Рассказы | страница 16



Холмс отметит, что этим утром Дэнни Крыса оставил Новый завет на довольно приметном месте и, по словам Томатиса, лорд W. во второй или третий раз обыщет квартиру медсестры (в качестве главного благодетеля роддома и как видное лицо он сможет себе позволить все что угодно, дабы под любым предлогом входить и выходить повсюду, где ему вздумается) и наконец обнаружит телеграмму, ведь если Дэнни Крыса за что-то взялся, то дело пойдет только так, а не иначе. Возможно, он мог бы объявить о своем намерении нанять некоего великого лондонского детектива, не называя имен, но Томатис признается, что пока у него нет решения на этот счет. Еще Холмс скажет, что единственный вечерний поезд, делающий остановку в этом небольшом городке, отправляется из него в 18.30 и, рассчитывая, что до Лондона поезд идет три часа десять минут, он должен прибыть в 21.40. Время, необходимое, чтобы пройти по перрону и через вокзальный вестибюль, дойти до стоянки такси и дождаться своей очереди на посадку, составит, по расчетам Холмса, от восьми до одиннадцати минут, а путь от Чаринг-Кросс до Бейкер-стрит в эти вечерние часы в будни займет двадцать-двадцать две минуты, а значит, к трем часам десяти следует прибавить от тридцати до тридцати трех минут. Иными словами, если он сел в поезд, как я предполагаю, скажет Холмс, в случае если, как говорит Томатис, поэма будет написана, то должен быть здесь в десять десять — десять тринадцать.

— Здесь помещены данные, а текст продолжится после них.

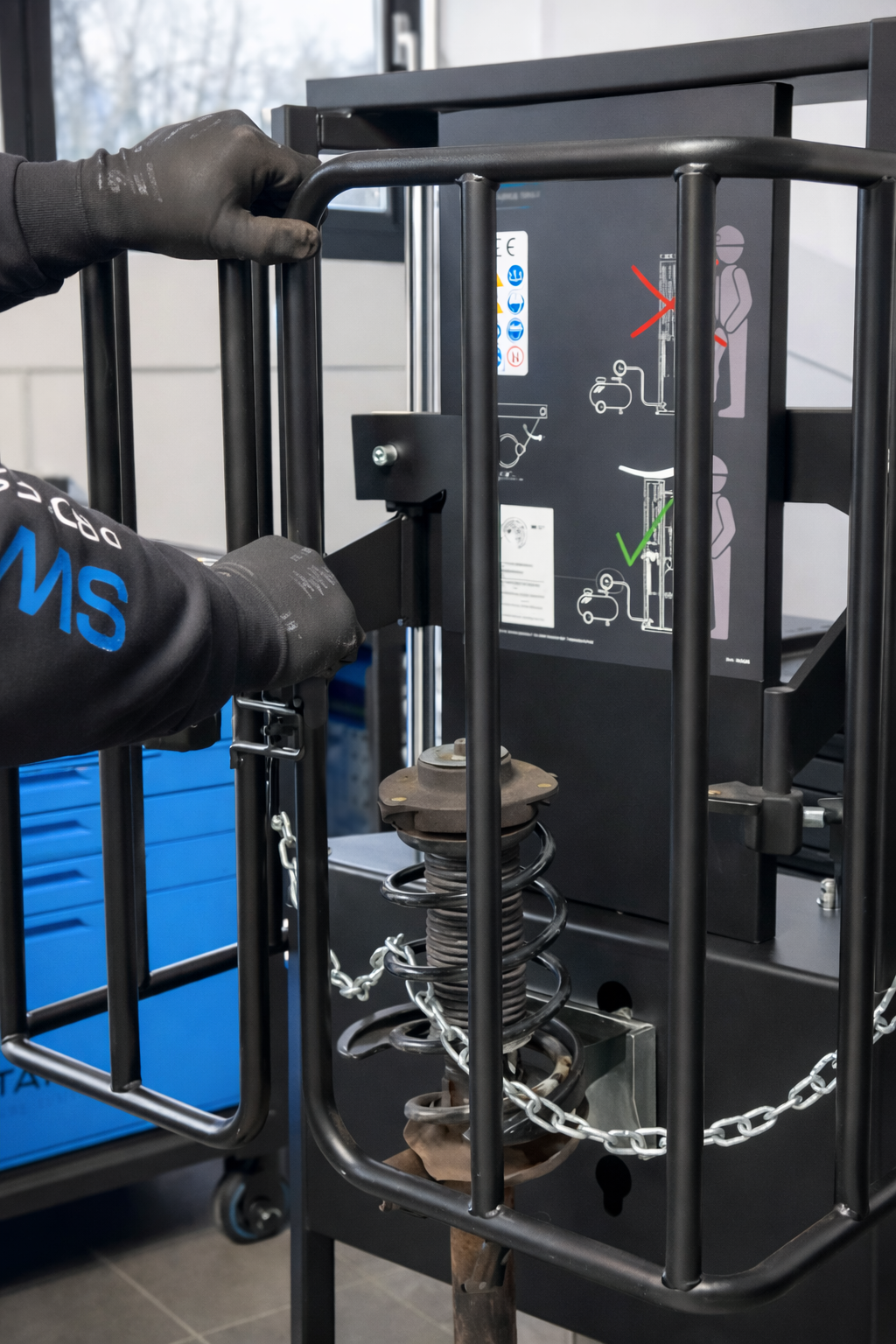 - Sicherheitskäfig mit Schnappverschluss und automatischer Öffnung garantiert komfortables und sicheres Arbeiten

Я посмотрел на часы в десять часов шесть минут. Инспектор, какое время показывают ваши наручные часы? И, по словам Томатиса, инспектор хрипловатым голосом ответит: «Десять часов двенадцать минут, мистер Холмс». И, по словам Томатиса, после этой фразы в комнате воцарится, так сказать, полное безмолвие, безмолвие, подобное тому, какое может царить в угасшей вселенной. В течение тридцати-сорока секунд во всем Лондоне не будет слышно ни одного самого неуловимого звука. И внезапно послышится характерный гул двигателя такси, торможение, урчание не выключенного мотора, которое обычно сопровождает временно остановившееся авто, а несколько мгновений спустя — хлопанье дверью, такси, вновь тронувшееся с места и удаляющееся по Бейкер-стрит на запад, шум шагов и, наконец, после пяти-, шестисекундной нерешительной паузы — звонок в дверь с улицы.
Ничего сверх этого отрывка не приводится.